◆ **INFORMATION**:
------------------------
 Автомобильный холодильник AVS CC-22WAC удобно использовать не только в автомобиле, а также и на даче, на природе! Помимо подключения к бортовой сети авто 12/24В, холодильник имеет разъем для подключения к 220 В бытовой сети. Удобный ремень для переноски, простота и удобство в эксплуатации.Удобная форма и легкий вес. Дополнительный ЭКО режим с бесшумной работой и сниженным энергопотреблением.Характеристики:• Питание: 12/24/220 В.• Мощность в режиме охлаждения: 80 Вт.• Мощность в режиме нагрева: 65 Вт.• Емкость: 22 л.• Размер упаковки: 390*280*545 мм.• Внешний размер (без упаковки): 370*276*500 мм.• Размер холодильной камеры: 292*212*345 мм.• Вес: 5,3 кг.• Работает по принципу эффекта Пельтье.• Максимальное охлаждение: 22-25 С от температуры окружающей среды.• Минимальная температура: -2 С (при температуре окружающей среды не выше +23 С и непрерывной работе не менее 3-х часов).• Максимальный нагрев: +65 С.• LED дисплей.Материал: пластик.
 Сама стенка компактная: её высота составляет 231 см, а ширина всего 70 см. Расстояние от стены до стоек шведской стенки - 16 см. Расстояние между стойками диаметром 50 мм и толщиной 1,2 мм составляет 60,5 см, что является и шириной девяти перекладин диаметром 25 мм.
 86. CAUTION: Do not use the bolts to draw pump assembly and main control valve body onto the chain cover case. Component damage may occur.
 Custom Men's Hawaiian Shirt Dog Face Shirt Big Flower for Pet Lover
------------------------
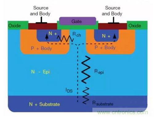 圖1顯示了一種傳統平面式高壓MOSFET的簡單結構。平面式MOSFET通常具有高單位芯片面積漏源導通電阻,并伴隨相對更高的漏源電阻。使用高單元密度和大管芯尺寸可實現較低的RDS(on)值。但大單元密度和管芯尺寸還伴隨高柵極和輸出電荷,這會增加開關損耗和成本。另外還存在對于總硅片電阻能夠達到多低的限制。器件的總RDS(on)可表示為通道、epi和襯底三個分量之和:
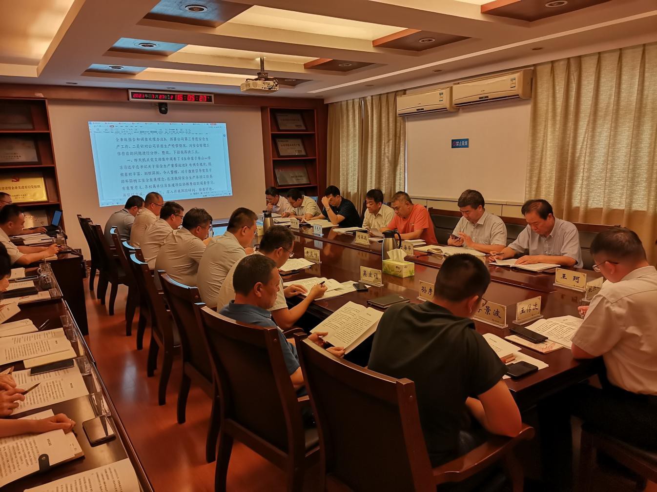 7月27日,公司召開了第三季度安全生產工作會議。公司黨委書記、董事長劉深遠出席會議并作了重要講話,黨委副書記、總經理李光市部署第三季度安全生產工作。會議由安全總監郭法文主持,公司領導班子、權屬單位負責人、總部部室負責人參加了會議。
------------------------
◆ **WHAT IS BEING ASKED**: From the records above, retype only the lines starting at the line that contains "Сама стенка компактная: её" and ending at the line that contains "Custom Men's Hawaiian", both included.

◆ **EXERCISE RESPONSE**:
 Сама стенка компактная: её высота составляет 231 см, а ширина всего 70 см. Расстояние от стены до стоек шведской стенки - 16 см. Расстояние между стойками диаметром 50 мм и толщиной 1,2 мм составляет 60,5 см, что является и шириной девяти перекладин диаметром 25 мм.
 86. CAUTION: Do not use the bolts to draw pump assembly and main control valve body onto the chain cover case. Component damage may occur.
 Custom Men's Hawaiian Shirt Dog Face Shirt Big Flower for Pet Lover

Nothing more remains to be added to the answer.